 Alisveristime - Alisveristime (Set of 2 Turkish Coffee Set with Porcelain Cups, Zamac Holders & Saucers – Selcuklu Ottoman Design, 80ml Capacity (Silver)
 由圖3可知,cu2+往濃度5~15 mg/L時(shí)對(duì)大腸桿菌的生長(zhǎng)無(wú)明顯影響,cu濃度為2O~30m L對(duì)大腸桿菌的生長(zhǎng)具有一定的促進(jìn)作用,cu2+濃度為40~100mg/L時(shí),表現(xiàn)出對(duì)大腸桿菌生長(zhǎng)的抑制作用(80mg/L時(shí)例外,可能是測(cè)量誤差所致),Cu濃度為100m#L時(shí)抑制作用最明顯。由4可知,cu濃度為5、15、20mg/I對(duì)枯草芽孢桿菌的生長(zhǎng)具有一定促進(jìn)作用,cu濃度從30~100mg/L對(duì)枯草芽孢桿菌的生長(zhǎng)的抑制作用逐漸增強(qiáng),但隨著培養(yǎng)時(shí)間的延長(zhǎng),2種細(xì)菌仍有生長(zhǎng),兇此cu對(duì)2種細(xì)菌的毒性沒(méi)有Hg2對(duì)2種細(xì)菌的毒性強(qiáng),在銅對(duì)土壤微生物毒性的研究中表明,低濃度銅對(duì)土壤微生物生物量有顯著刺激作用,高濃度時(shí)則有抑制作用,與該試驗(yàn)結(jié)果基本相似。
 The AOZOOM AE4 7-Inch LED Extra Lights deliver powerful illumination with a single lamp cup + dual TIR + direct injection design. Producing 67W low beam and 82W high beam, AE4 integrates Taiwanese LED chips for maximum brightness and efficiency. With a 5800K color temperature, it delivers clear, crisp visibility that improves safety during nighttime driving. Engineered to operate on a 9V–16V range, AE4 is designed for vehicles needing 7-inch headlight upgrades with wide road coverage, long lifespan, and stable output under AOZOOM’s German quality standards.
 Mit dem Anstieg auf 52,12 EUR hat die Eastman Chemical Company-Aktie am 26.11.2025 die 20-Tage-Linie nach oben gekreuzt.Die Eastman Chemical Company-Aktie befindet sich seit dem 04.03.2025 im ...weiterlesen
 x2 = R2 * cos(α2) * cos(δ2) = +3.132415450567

☆ ☆ ☆ ☆ ☆

TASK TO CARRY OUT:
An unaltered transcription of all the data above is needed.

YOUR SOLUTION:
 Alisveristime - Alisveristime (Set of 2 Turkish Coffee Set with Porcelain Cups, Zamac Holders & Saucers – Selcuklu Ottoman Design, 80ml Capacity (Silver)
 由圖3可知,cu2+往濃度5~15 mg/L時(shí)對(duì)大腸桿菌的生長(zhǎng)無(wú)明顯影響,cu濃度為2O~30m L對(duì)大腸桿菌的生長(zhǎng)具有一定的促進(jìn)作用,cu2+濃度為40~100mg/L時(shí),表現(xiàn)出對(duì)大腸桿菌生長(zhǎng)的抑制作用(80mg/L時(shí)例外,可能是測(cè)量誤差所致),Cu濃度為100m#L時(shí)抑制作用最明顯。由4可知,cu濃度為5、15、20mg/I對(duì)枯草芽孢桿菌的生長(zhǎng)具有一定促進(jìn)作用,cu濃度從30~100mg/L對(duì)枯草芽孢桿菌的生長(zhǎng)的抑制作用逐漸增強(qiáng),但隨著培養(yǎng)時(shí)間的延長(zhǎng),2種細(xì)菌仍有生長(zhǎng),兇此cu對(duì)2種細(xì)菌的毒性沒(méi)有Hg2對(duì)2種細(xì)菌的毒性強(qiáng),在銅對(duì)土壤微生物毒性的研究中表明,低濃度銅對(duì)土壤微生物生物量有顯著刺激作用,高濃度時(shí)則有抑制作用,與該試驗(yàn)結(jié)果基本相似。
 The AOZOOM AE4 7-Inch LED Extra Lights deliver powerful illumination with a single lamp cup + dual TIR + direct injection design. Producing 67W low beam and 82W high beam, AE4 integrates Taiwanese LED chips for maximum brightness and efficiency. With a 5800K color temperature, it delivers clear, crisp visibility that improves safety during nighttime driving. Engineered to operate on a 9V–16V range, AE4 is designed for vehicles needing 7-inch headlight upgrades with wide road coverage, long lifespan, and stable output under AOZOOM’s German quality standards.
 Mit dem Anstieg auf 52,12 EUR hat die Eastman Chemical Company-Aktie am 26.11.2025 die 20-Tage-Linie nach oben gekreuzt.Die Eastman Chemical Company-Aktie befindet sich seit dem 04.03.2025 im ...weiterlesen
 x2 = R2 * cos(α2) * cos(δ2) = +3.132415450567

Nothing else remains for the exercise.